- [WHAT YOU ARE ASKED TO DO]: The lines from the beginning of the records below through the one holding "BigSeller分销功能帮" are to be copied exactly; leave the pictures out.

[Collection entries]
=== Begin Enclosure ===

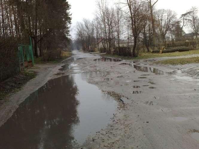 Z brzegu kaluzy jest plytko, ale jadąc środkiem mozna umyc podwozie. Jest to droga dojazdowa do garazy przy ul. Bohaterów Monte Cassino w Zamościu.
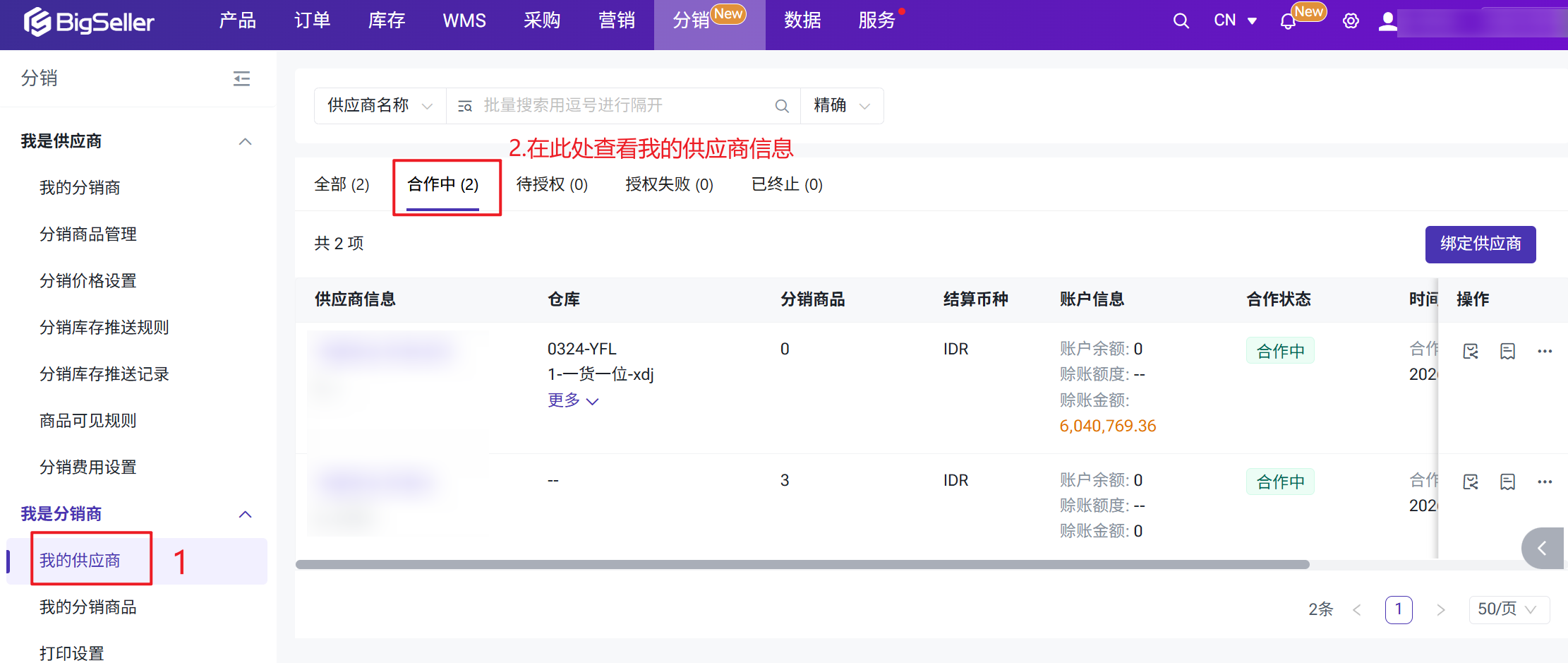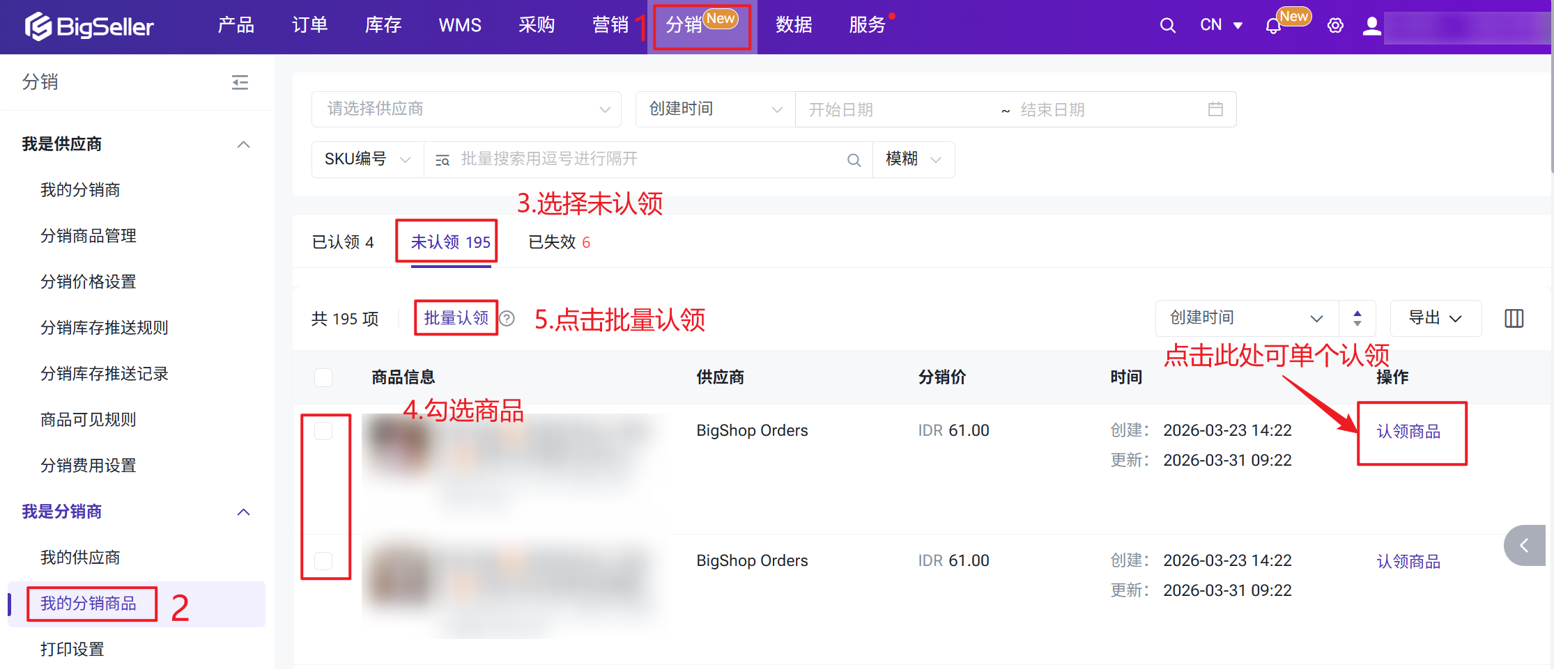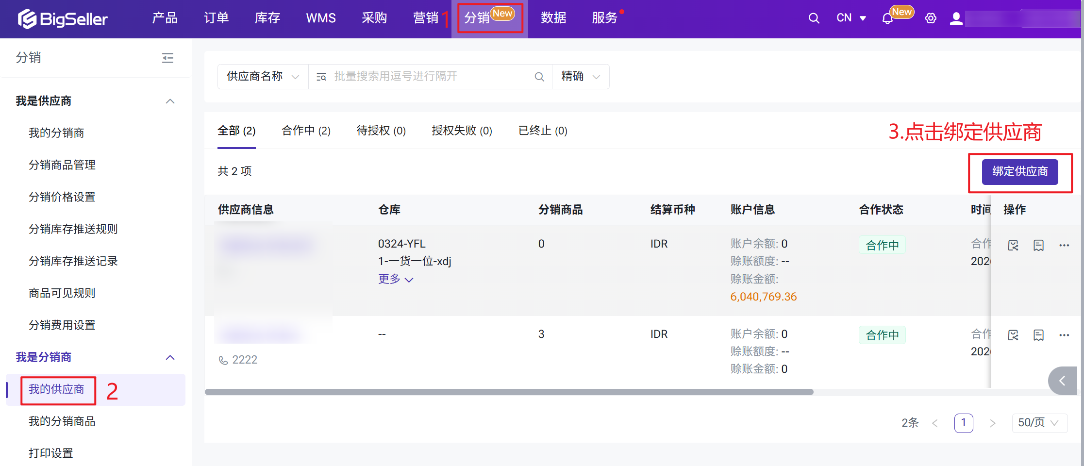 BigSeller分销功能帮助分销商(二级代理、批发商、独立卖家)通过系统与供应商建立合作关系,一键认领商品、同步平台订单并推送给供应商代发,同时自动完成费用核算与对账结算——彻底告别手动截图发货、线下对账的混乱局面。二、注意事项
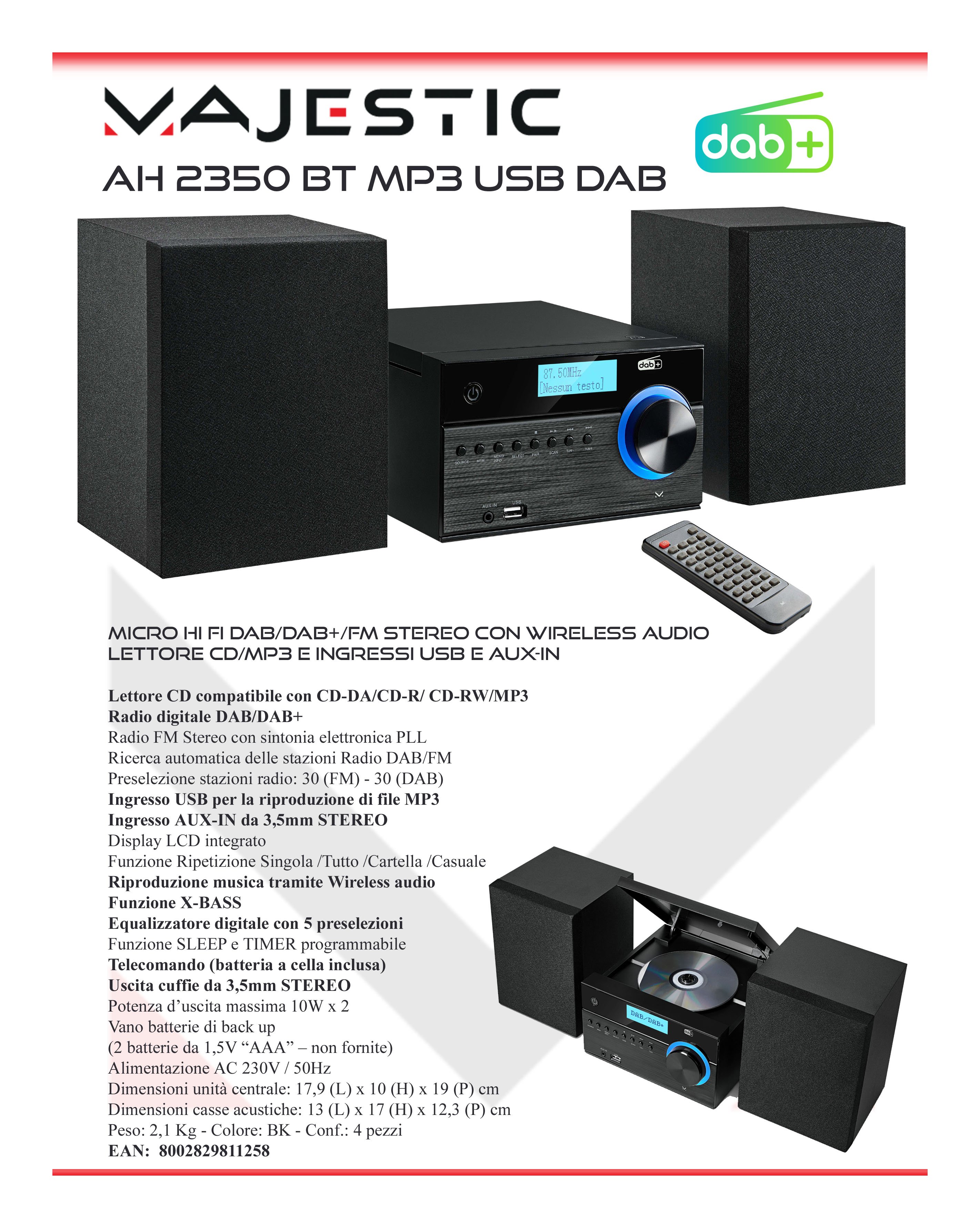 Questo moderno Micro HI-FI ti permetterà di ascoltare la tua musica preferita in diversi modi. Lettore CD/MP3, Radio sia DAB che FM, Ingresso USB per riprodurre file mp3, ingresso AUX-IN per collegare una fonte audio esterna, Wireless audio per connettere il tuo smartphone e tablet. Dotato di telecomando e di uscita cuffie è un impianto completo con misure molto contenute
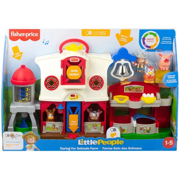 Les enfants peuvent imaginer toutes sortes d’histoires à la ferme avec le coffret Little People® Les Animaux de la Ferme de Fisher-Price®. Avec ce coffret riche en activités, les tout-petits peuvent aider le fermier à prendre soin de tous ses amis animaux : aider les poussins à éclore, installer confortablement le cheval dans son box et montrer à la truie et à la vache comment se laisser tomber à tour de rôle dans la grange où est entreposé le foin.
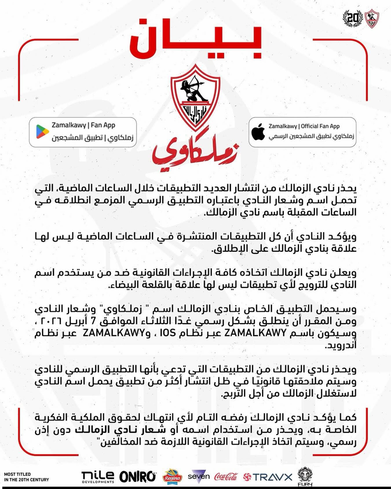 وأوضح الزمالك أنه سيتخذ كافة الإجراءات القانونية اللازمة ضد أي جهة أو شخص يستخدم اسم أو شعار النادي للترويج لتطبيقات غير رسمية، مؤكدًا تمسكه بحماية حقوقه القانونية وملكيته الفكرية.
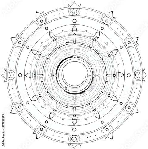 Detailed hand drawn circular geometric design with intricate patterns and decorative elements.
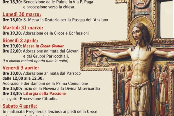Venerdì santo Oggi sostiamo preso la croce per ringraziare il Signore del dono del suo amore. Ore 10,00: adorazione animata Ore 12,00/12,30 adorazione dei bambini […]
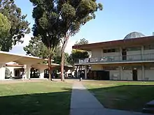 The Long Beach earthquake (magnitude 6.4) on March 10, 1933, left its mark on the campus. The quake destroyed the upper part of the original auditorium and caused the ground near it to sink several feet. The area was nicknamed the "Sunken Garden" until rebuilt. The landmark auditorium replacing it was built in 1937 as a Works Progress Administration project while the elevated administrative offices were added in 1962.[9]
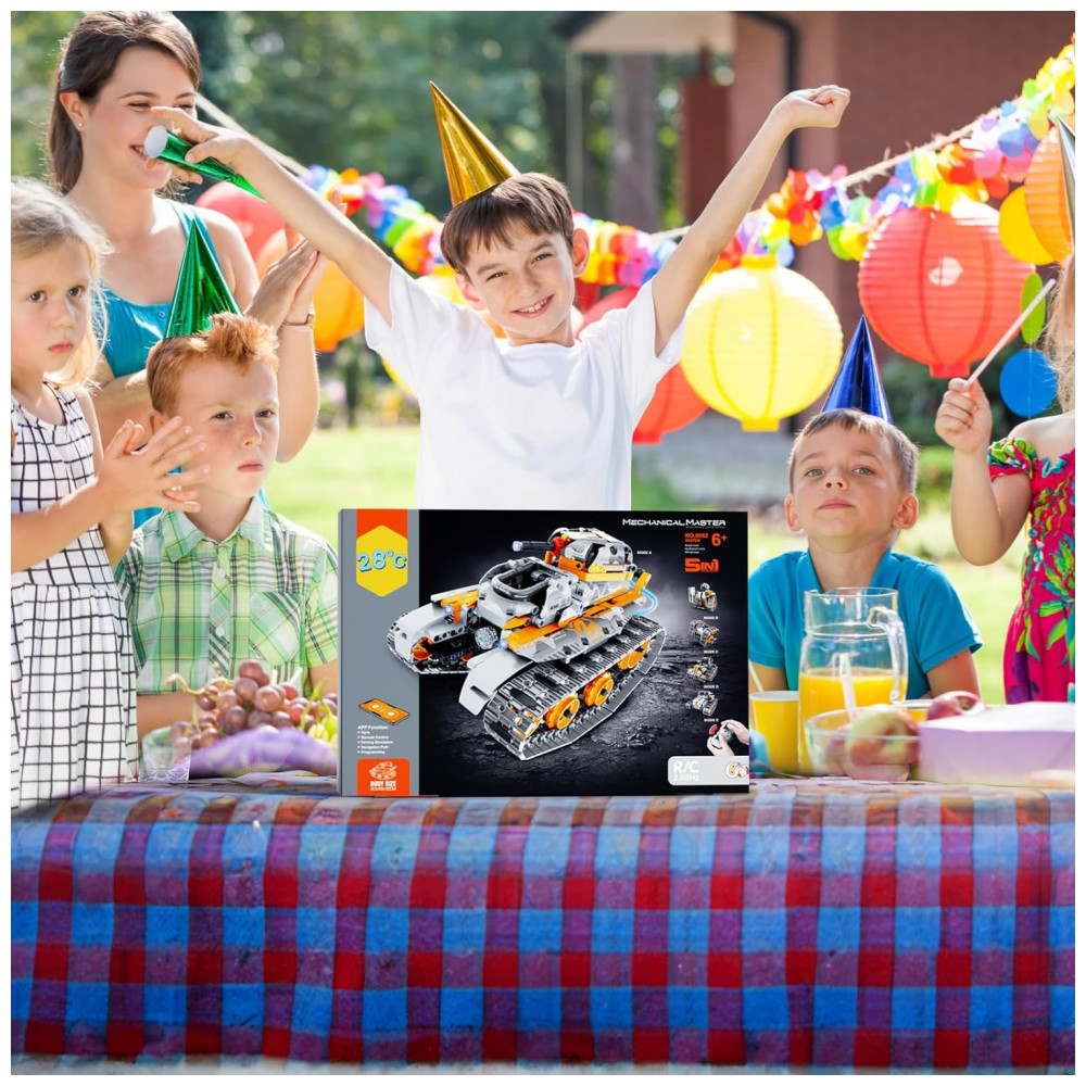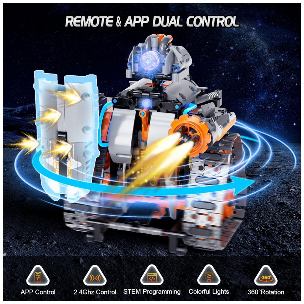 Os pais muitas vezes gostam de participar Este conjunto de construção 5 em 1 está equipado com efeitos de luz coloridos, cores frias e as crianças vão adorar Controle remoto e de aplicativos Em ambientes internos ou externos, pisos lisos ou estradas de montanha acidentadas, este conjunto de construção de veículos e robôs permite uma condução fácil de acrobacias.

=== End Enclosure ===

- [RESPONSE FOR THIS EXERCISE]:
 Z brzegu kaluzy jest plytko, ale jadąc środkiem mozna umyc podwozie. Jest to droga dojazdowa do garazy przy ul. Bohaterów Monte Cassino w Zamościu.
 BigSeller分销功能帮助分销商(二级代理、批发商、独立卖家)通过系统与供应商建立合作关系,一键认领商品、同步平台订单并推送给供应商代发,同时自动完成费用核算与对账结算——彻底告别手动截图发货、线下对账的混乱局面。二、注意事项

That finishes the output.